Evolutionary biology
Evolutionary biology is the subfield of biology that studies the evolutionary processes (natural selection, common descent, speciation) that produced the diversity of life on Earth. Evolutionary research is concerned with the origin and descent of species, as well as their change over time, and includes scientists from many taxonomically oriented disciplines. For example, it generally involves scientists who have special training in particular organisms such as mammalogy, ornithology, herpetology, or entomology, but use those organisms as systems to answer general questions about evolution.[32]

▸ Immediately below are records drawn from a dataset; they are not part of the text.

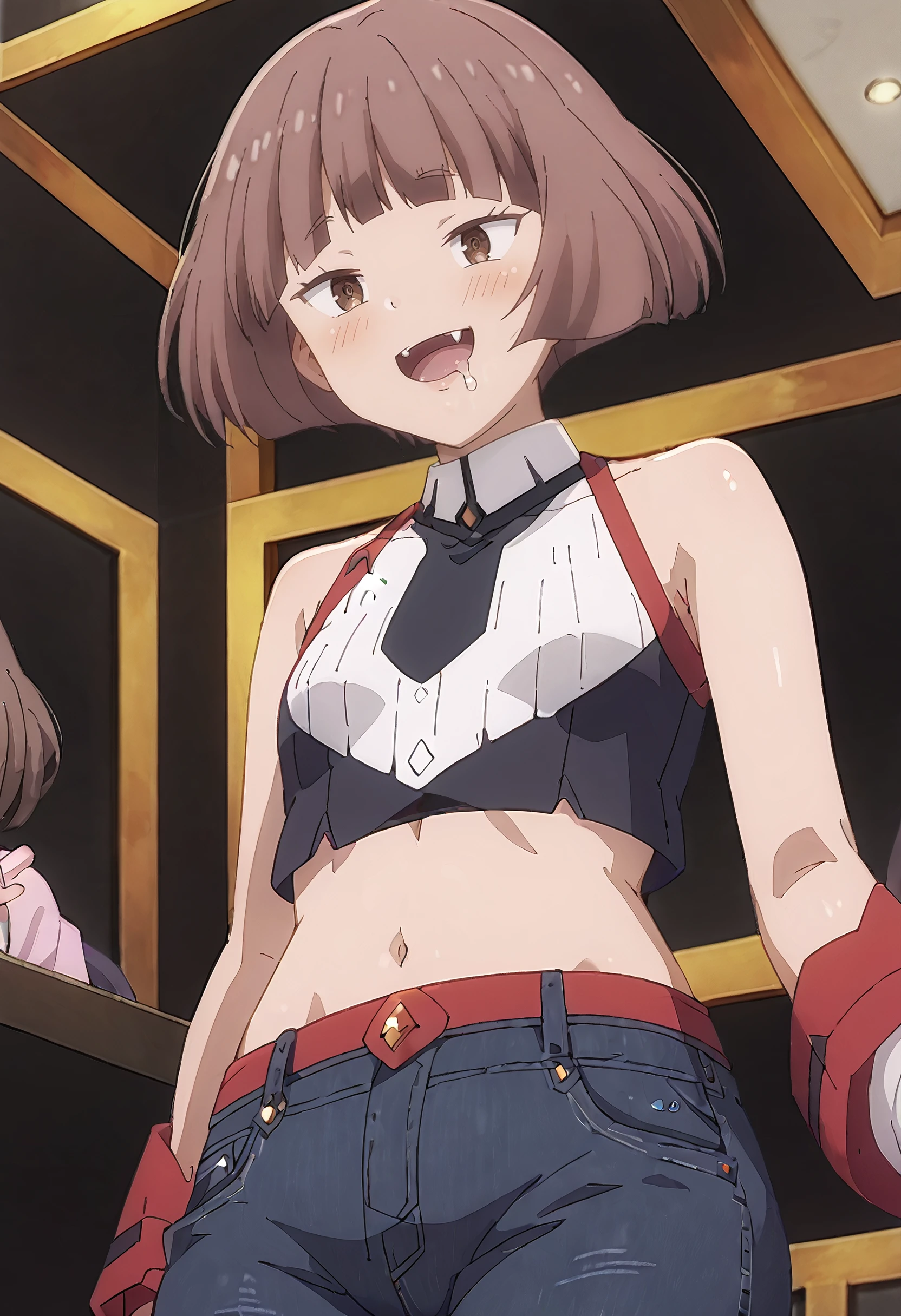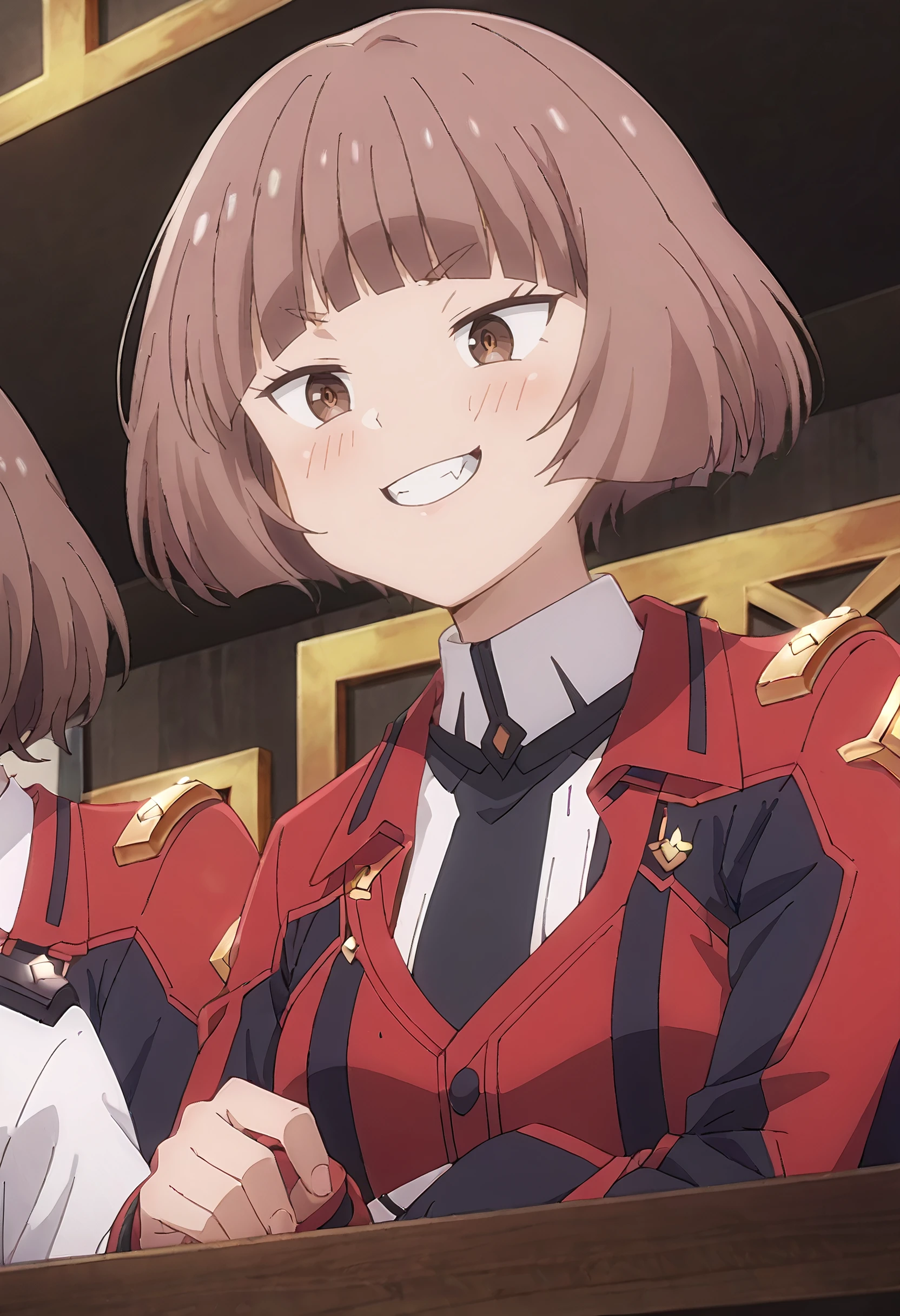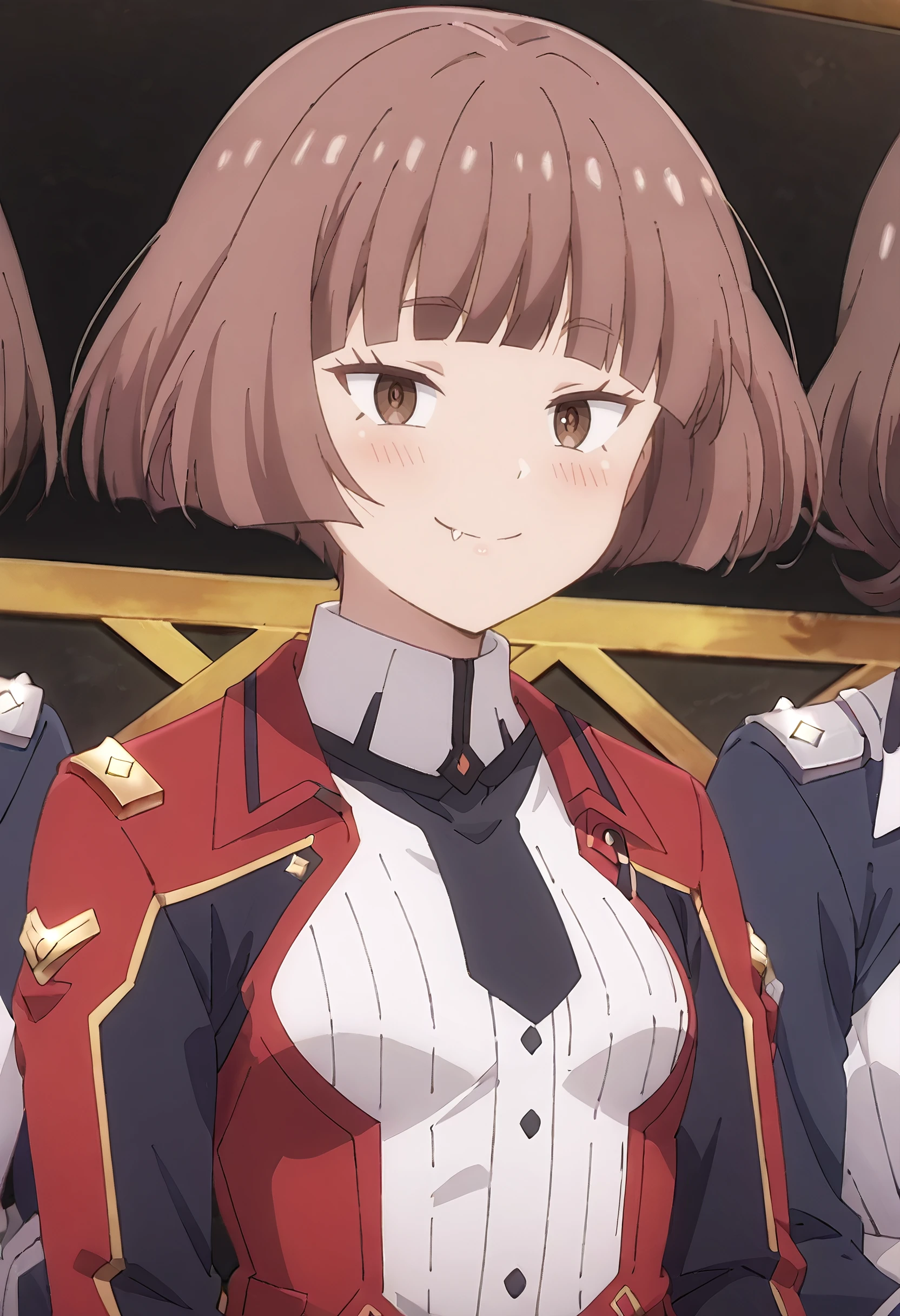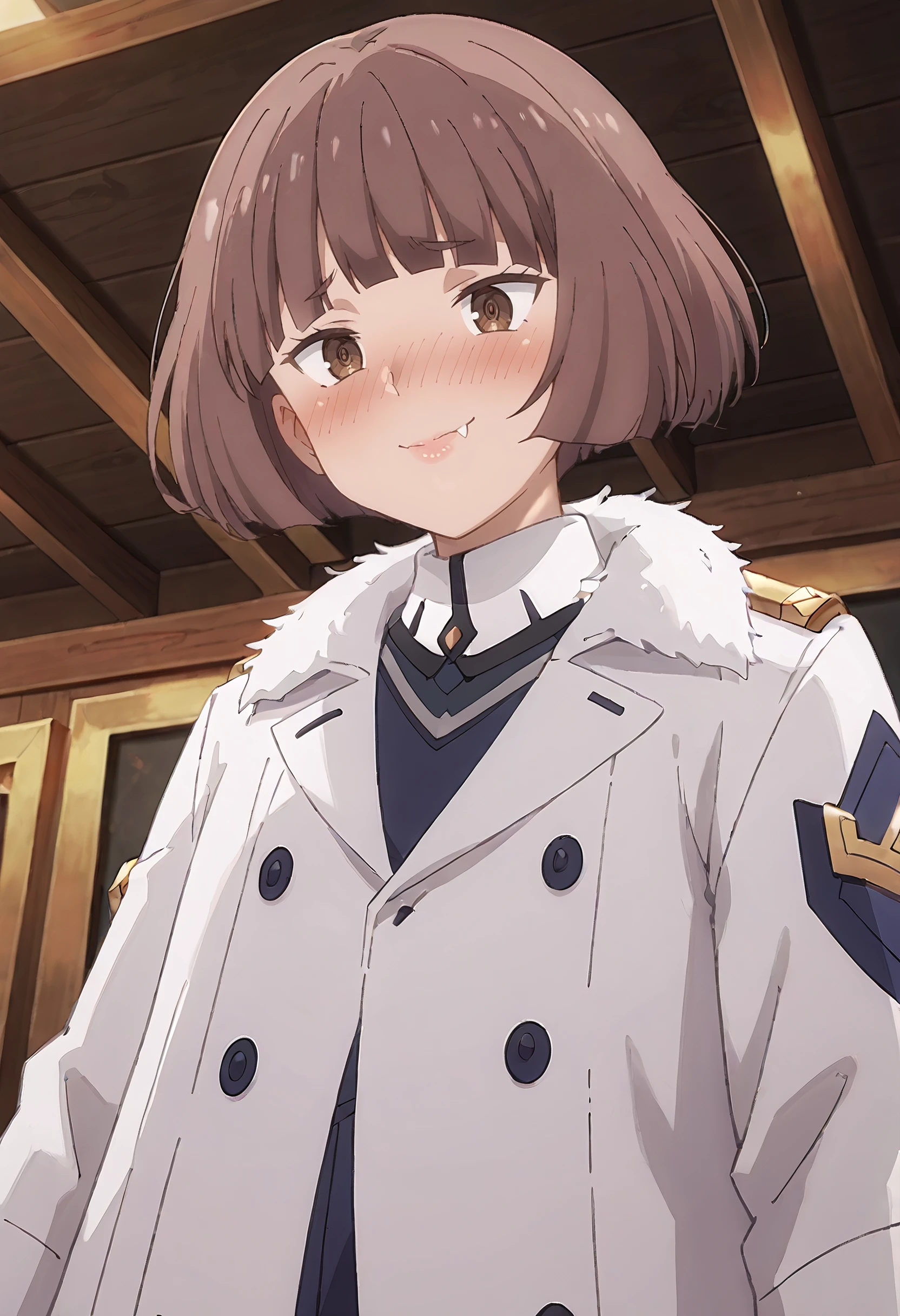 MGNRania, brown hair, brown eyes, short hair, blunt bangs, bob cut, fang,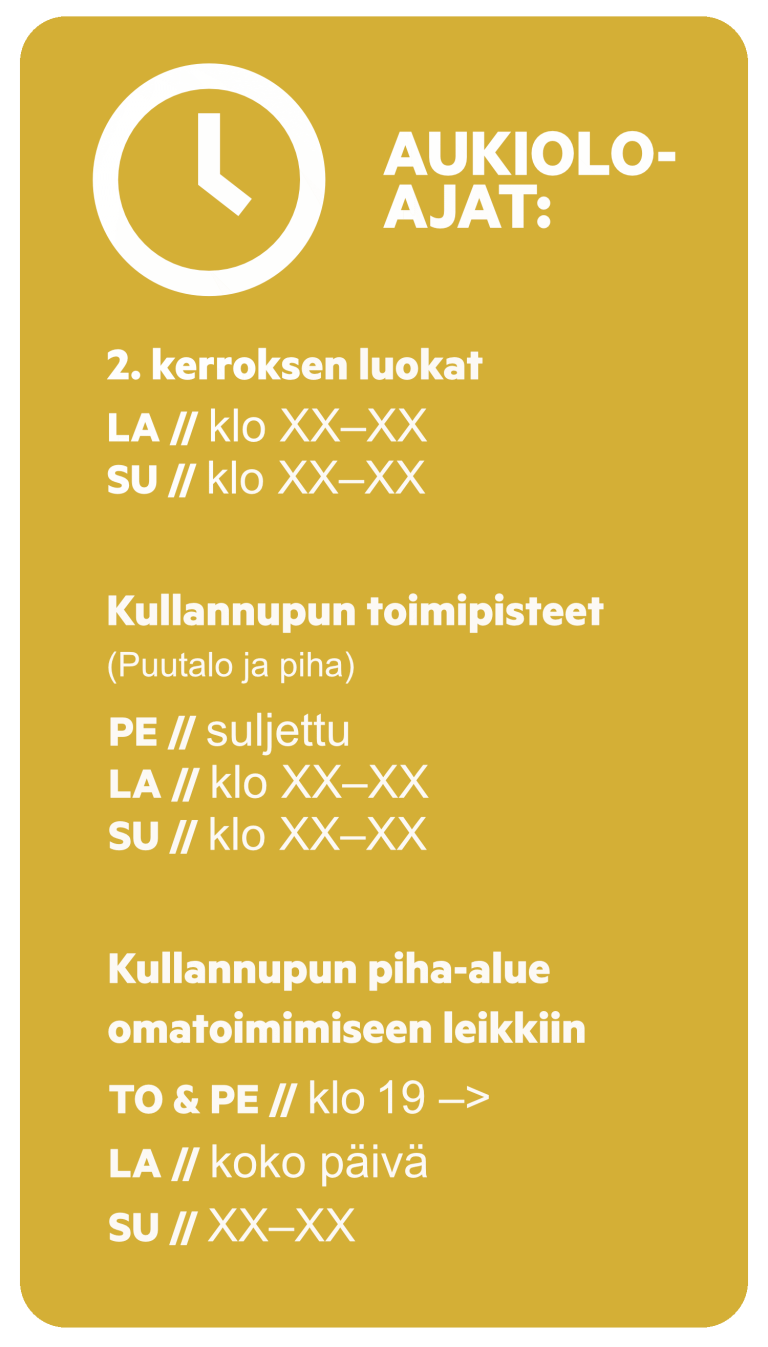 Huomioithan, että vielä perjantaina koko Kullannupun aidattu alue on päiväkodin omassa käytössä, eikä juhlavierailla ole silloin sinne pääsyä. Kullannupun piha-alue aukeaa juhlavieraiden käyttöön perjantaina klo 19.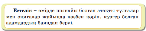 (Ұ) 1- тапсырма «Тізбек» әдісімен орындалады. А) Суретпен жұмыс. Жамбыл Жабаев туралы әңгімелеңдер. Жамбыл Жабаев (1846–1945) қазіргі Жамбыл облысының Хан тауы мен Жамбыл тауының етегінде туған. Жамбыл Жабаевты нағыз ақын ретінде байтақ елге танытқан – айтыс өнері. Ә) Мәтінмен жұмыс: «Жәкем» атты естелікті түсініп оқыңдар. Анықтама:

Evolutionary biology is partly based on paleontology, which uses the fossil record to answer questions about the mode and tempo of evolution,[33] and partly on the developments in areas such as population genetics[34] and evolutionary theory. Following the development of DNA fingerprinting techniques in the late 20th century, the application of these techniques in zoology has increased the understanding of animal populations.[35] In the 1980s, developmental biology re-entered evolutionary biology from its initial exclusion from the modern synthesis through the study of evolutionary developmental biology. Related fields often considered part of evolutionary biology are phylogenetics, systematics, and taxonomy.[36]
Ethology
Ethology is the scientific and objective study of animal behavior under natural conditions,[37] as opposed to behaviorism, which focuses on behavioral response studies in a laboratory setting. Ethologists have been particularly concerned with the evolution of behavior and the understanding of behavior in terms of the theory of natural selection. In one sense, the first modern ethologist was Charles Darwin, whose book, The Expression of the Emotions in Man and Animals, influenced many future ethologists.[38]
A subfield of ethology is behavioral ecology which attempts to answer Nikolaas Tinbergen‘s four questions with regard to animal behavior: what are the proximate causes of the behavior, the developmental history of the organism, the survival value and phylogeny of the behavior?[39] Another area of study is animal cognition, which uses laboratory experiments and carefully controlled field studies to investigate an animal’s intelligence and learning.[40]
Biogeography
Biogeography studies the spatial distribution of organisms on the Earth,[41] focusing on topics like plate tectonics, climate change, dispersal and migration, and cladistics. It is an integrative field of study, uniting concepts and information from evolutionary biology, taxonomy, ecology, physical geography, geology, paleontology and climatology.[42] The origin of this field of study is widely accredited to Alfred Russel Wallace, a British biologist who had some of his work jointly published with Charles Darwin.[43]
Molecular biology
Molecular biology studies the common genetic and developmental mechanisms of animals and plants, attempting to answer the questions regarding the mechanisms of genetic inheritance and the structure of the gene. In 1953, James Watson and Francis Crick described the structure of DNA and the interactions within the molecule, and this publication jump-started research into molecular biology and increased interest in the subject.[44] While researchers practice techniques specific to molecular biology, it is common to combine these with methods from genetics and biochemistry. Much of molecular biology is quantitative, and recently a significant amount of work has been done using computer science techniques such as bioinformatics and computational biology. Molecular genetics, the study of gene structure and function, has been among the most prominent sub-fields of molecular biology since the early 2000s. Other branches of biology are informed by molecular biology, by either directly studying the interactions of molecules in their own right such as in cell biology and developmental biology, or indirectly, where molecular techniques are used to infer historical attributes of populations or species, as in fields in evolutionary biology such as population genetics and phylogenetics. There is also a long tradition of studying biomolecules “from the ground up”, or molecularly, in biophysics.[45]